I am reading "Topology Second Edition" by James R. Munkres.
EXAMPLE 4. Let $X$ be the closed unit ball $$\{x\times y|x^2+y^2\leq 1\}$$ in $\mathbb{R}^2$, and let $X^{*}$ be the partition of $X$ consisting of all the one-point sets $\{x\times y\}$ for which $x^2+y^2<1$, along with the set $S^1=\{x\times y|x^2+y^2=1\}$. Typical saturated open sets in $X$ are pictured by the shaded regions in Figure 22.4. One can show $X^{*}$ is homeomorphic with the subspace of $\mathbb{R}^3$ called the unit 2-sphere, defined by $$S^2=\{(x,y,z)|x^2+y^2+z^2=1\}.$$
To show $X^{*}$ is homeomorphic with $S^2$, we need to construct a homeomorphism from $X^{*}$ to $S^2$.

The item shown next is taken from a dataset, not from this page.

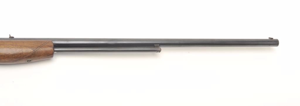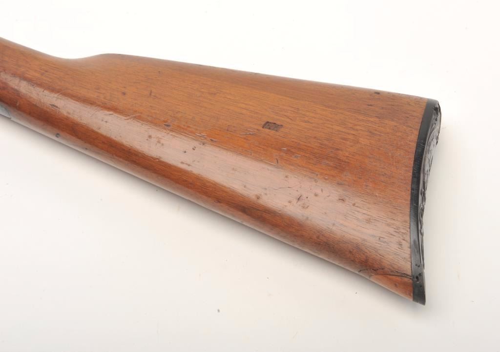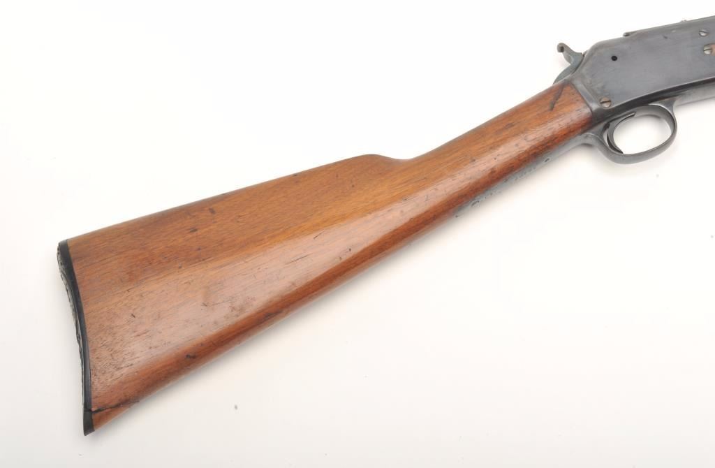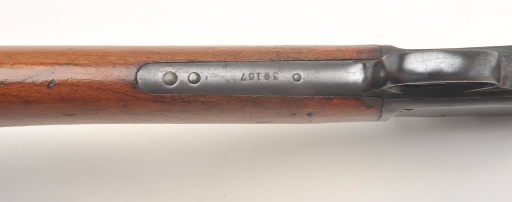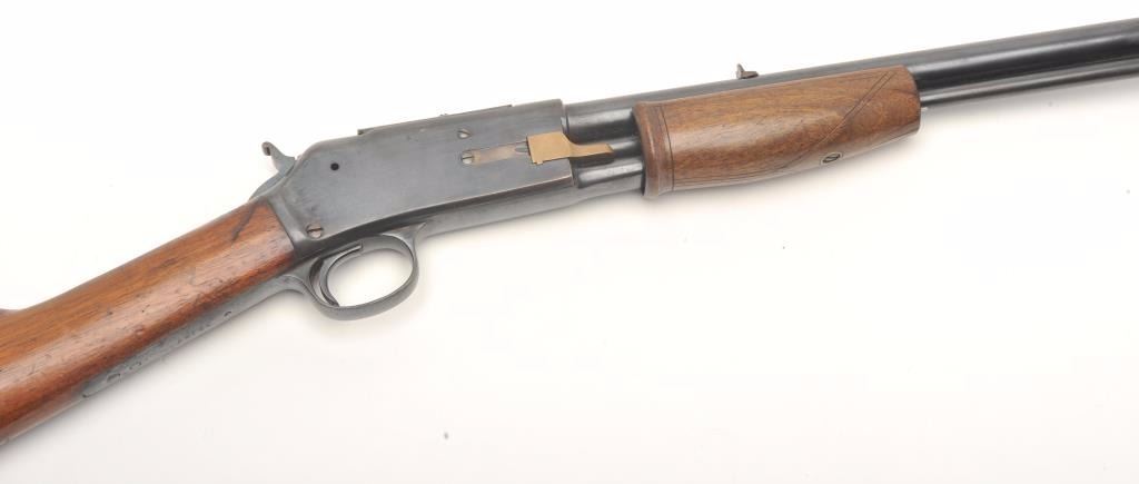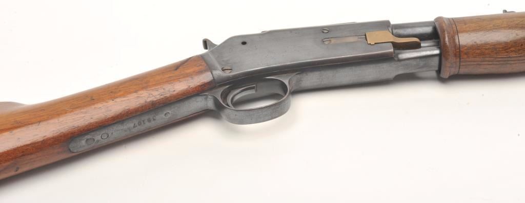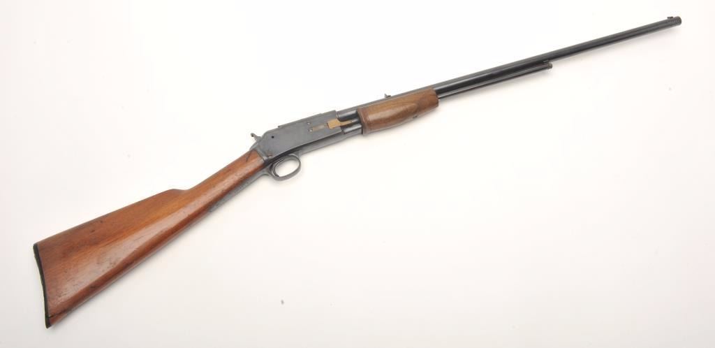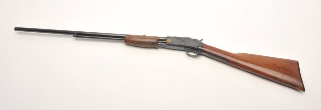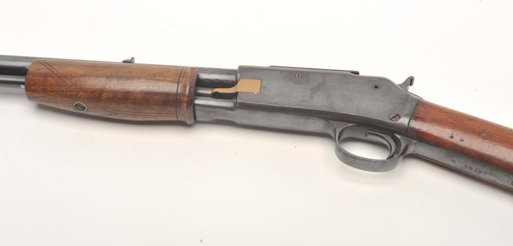 Colt Lightening pump rifle, .22 caliber, serial #39167. The rifle is in very good overall condition as re-finished. The 24” round barrel, ½ magazine and receiver all retain a significant amount of an old quality re-blue. The smooth wood stocks show moderate use with small mars, compressions and an old coat of varnish. The butt stock ends with a hard plastic butt plate with a small repair at the toe. The bore is fair,the action is crisp and markings are sharp. (C+R) Est.: $400-$800.

But I think that even constructing a bijection from $X^{*}$ to $ S^2 $ is difficult.
Please tell me about books that deal with this kind of topic.
My attempt:
Let $f:(0,1)\times [0,2\pi)\ni (r,\theta)\mapsto(\pi r,\theta)\in (0,\pi)\times [0,2\pi)$.
Let $g:X^{*}-\{\{0\times 0\},S^1\}\ni\{x\times y\}\mapsto (\sqrt{x^2+y^2},\arg(x\times y))\in (0,1)\times [0,2\pi)$.
Let $l:(0,\pi)\times [0,2\pi)\ni (\theta,\phi)\mapsto(\sin\theta\cos\phi,\sin\theta\sin\phi,\cos\theta)\in S^2$
Let $h:X^{*}\to S^2$ be the function such that $h(x)=(l\circ f\circ g)(x)$ if $x\in X^{*}-\{\{0\times 0\},S^1\}$ and $h(\{0\times 0\})=(0,0,1)$ and $h(S^1)=(0,0,-1)$.
Then, $h$ is a bijection from $X^{*}$ to $S^2$.